Например, ниже приведен пример набора данных: - ![Sample dataset](https://i.stack.imgur.com/9uWAD.jpg)
Теперь я хочу провести исчерпывающий поиск всех 2 комбинаций генов (столбцы - названия генов) и соответствующих ICC, затем для 3 комбинаций генов, затем для четырех.
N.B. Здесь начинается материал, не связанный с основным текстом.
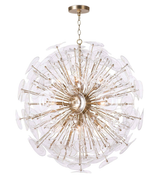 Create a glamorous modern statement in your dining room, entryway, or master bath with Poppy from Regina Andrew Detroit, a stunning sputnik-style orb chandelier. Candelabra bulbs provide beautiful ambient illumination through undulating glass discs affixed to rods of varying lengths that provide dimension. Available with white glass and bronze finish or clear glass with a natural brass finish.

Опубликовать, что я хочу перечислить отсортированные комбинации по значениям ICC
Вывод будет выглядеть примерно так
![Output](https://i.stack.imgur.com/Xo7XZ.jpg)
Я пытался сделать то же самое, используя приведенный ниже код, но я изо всех сил пытаюсь создать этот исчерпывающий поиск и комбинацию
mat1 <- as.matrix(lmm_1[,1:10])
icc(mat1, model = c("t"),r0 = 0,conf.level = 0.95)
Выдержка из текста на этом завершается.